Alguien que lo conoce bien desliza de forma sugerente a Infobae: "No se debe haber pasado las últimas diez horas diciendo que tenía el teléfono en vibrador". La misma voz teorizaba días antes: "Va a decir que a Alberto lo mataron".

En el quinto piso, donde se encuentra el juzgado de Palmaghini, la guardia de la Policía Federal tuvo una estricta orden de desalojar a cualquiera que se acerque al hall principal y a la puerta del despacho. Stiuso declaró ante la jueza, la fiscal Viviana Fein, todavía parte del expediente y en buenos términos con Palmaghini, el abogado de Diego Lagomarsino, Gabriel Palmeiro, y los abogados de la querella de Sandra Arroyo Salgado, Manuel Romero Victorica y Juan Pablo Vigliero.

Su abogado, Santiago Blanco Bermúdez, visitó el Palacio durante la mañana de ayer para irse temprano por la tarde. Y tras diez horas con apenas un recreo para almorzar sándwiches, las previsiones en el operativo de seguridad se extendieron. Qué es lo que dijo Stiuso durante todo el día es el misterio principal. Los contenidos de su declaración todavía no se conocen.

En los últimos días, las especulaciones sobre qué diría una de las voces más esperadas en la causa Nisman cobraron múltiples formas. Se dijo que aportaría pruebas que apoyarían la teoría del encubrimiento de la muerte del fiscal a cargo de miembros de fuerzas de seguridad y que abonaría todavía más la teoría del homicidio.

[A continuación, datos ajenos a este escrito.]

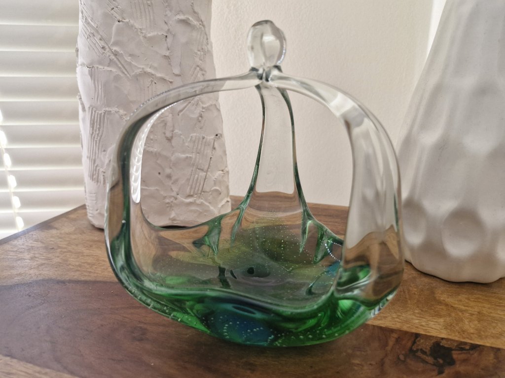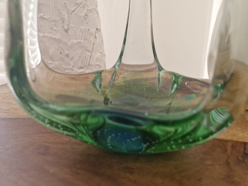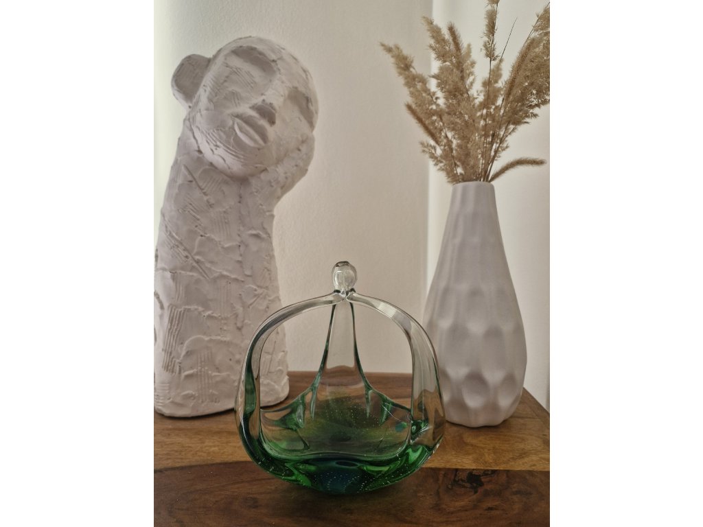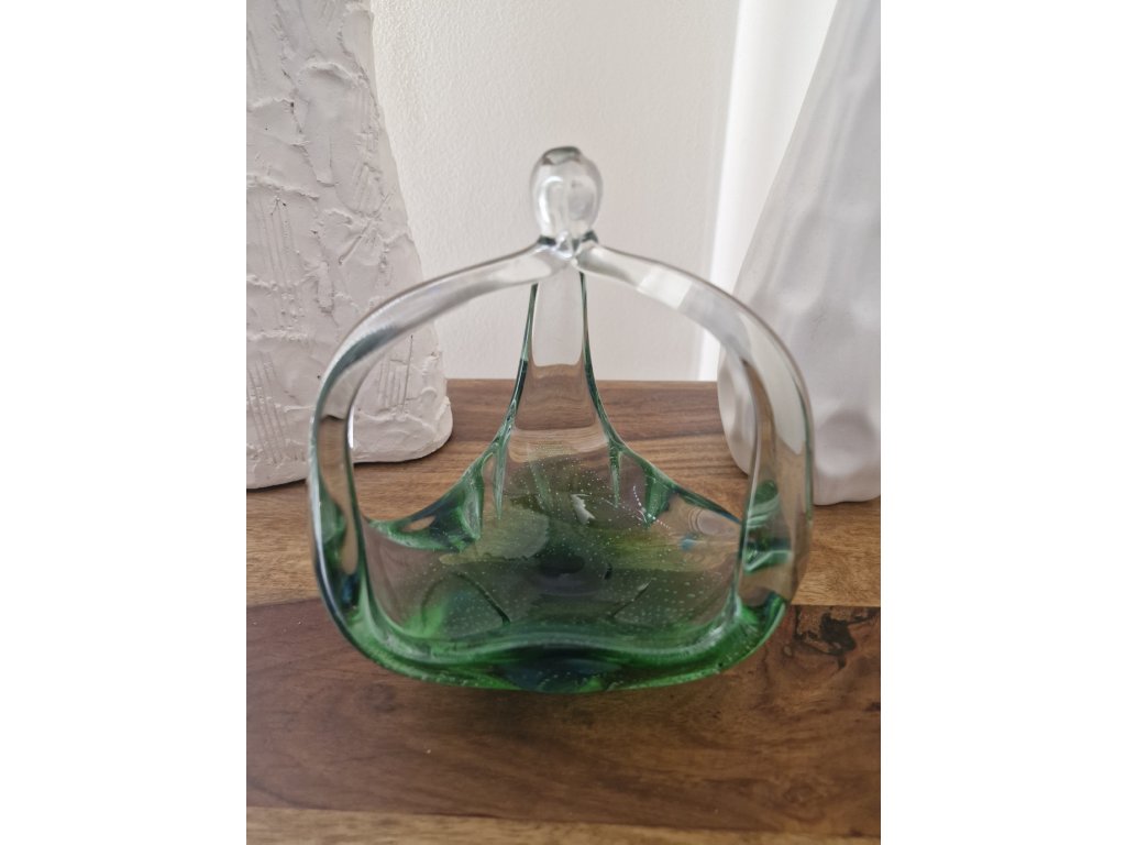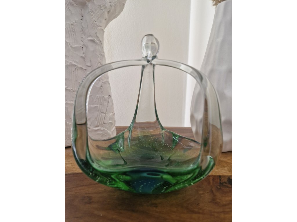 Vzácný košík z hutního skla v krásné modro zelené barevné kombinaci dolněn řízenými bublinkami ve spodní části. Autorský návrh František Zemek, sklárna Mstišov - Karlovarské sklo, r. 1960. Výška 18 cm. Top stav.
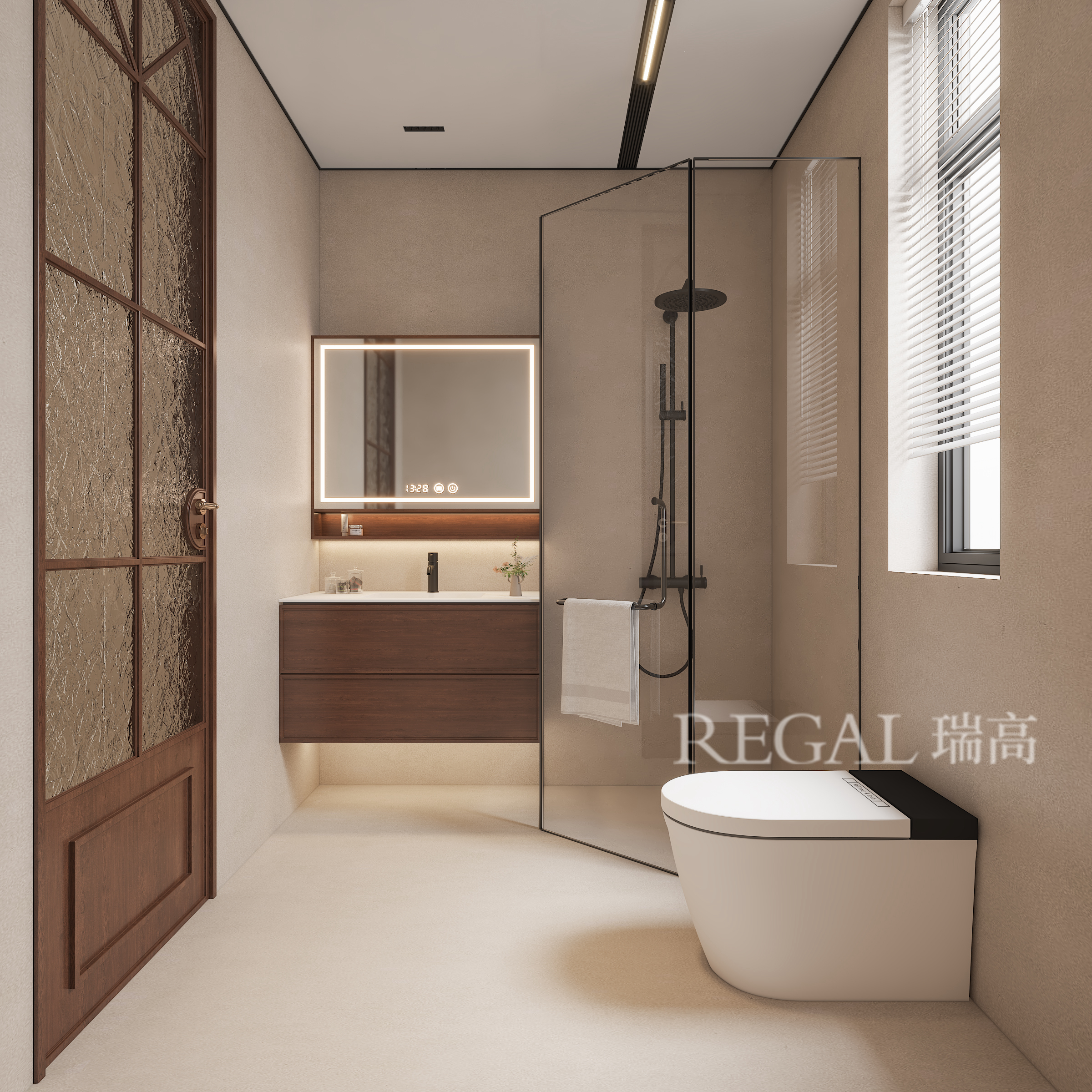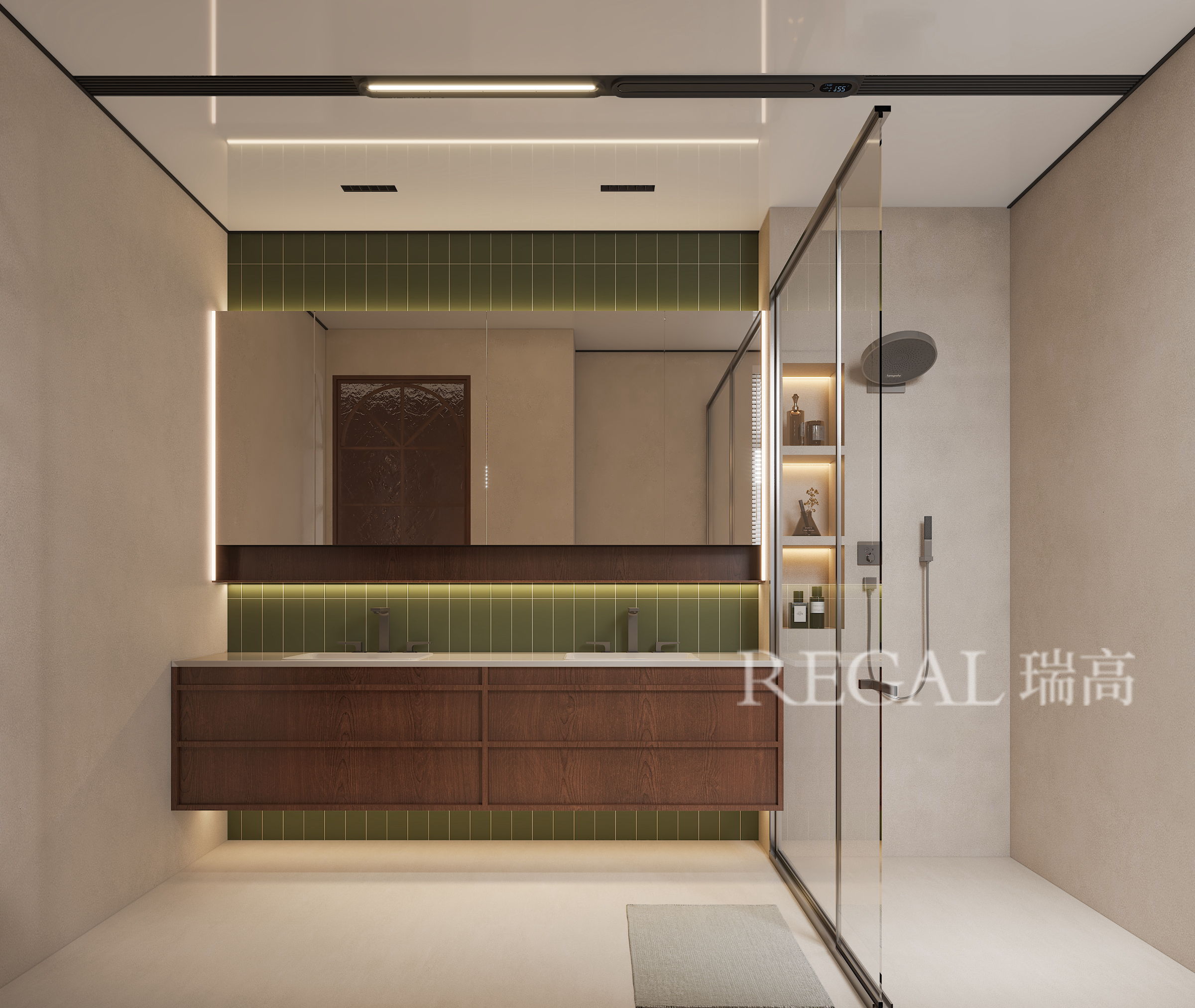 在主卫设计中,我们大面采用素色的瓷砖搭配了比较亮眼一面造型花砖,使整体氛围感更强。

Su regreso, por otra parte, no ocurre en un vacío, sino en un cambio de autoridades de la ex OJOTA, luego DICOM, la central de escuchas en avenida de los Incas que fue su dominio, antes a cargo de la Procuración. Su anterior jefa, la fiscal Cristina Caamaño, había afirmado tras conocer el decreto que la removía de su cargo: "Va a tener que volver la vieja gente de informática para que maneje el sistema. Esto implica que vuelva la gente de Stiuso. Esto no es como en las películas de Hitchcock que enchufabas un canuto y escuchabas, sino algo muy complejo. Estuvimos como ocho meses para aprender a manejar el sistema. Los únicos que saben hacerlo, aparte de nosotros, son los efectivos de la ex SIDE. El sistema lo instaló Stiuso mismo. La gente es de él, claramente".

Aún a simple vista fuera de los organismos de inteligencia, tras un exilio de casi un año en un resort de Miami entre otros posibles puntos, y vuelto un ciudadano común relevado de su secreto por la jueza Palmaghini, el ex jefe de las escuchas continuó siendo un espía maestro. Este lunes por la mañana ingresó por la puerta de la calle Tucumán. Había más de 50 periodistas y camarógrafos rodeando el edificio. Sin embargo, a Stiuso nadie lo vio.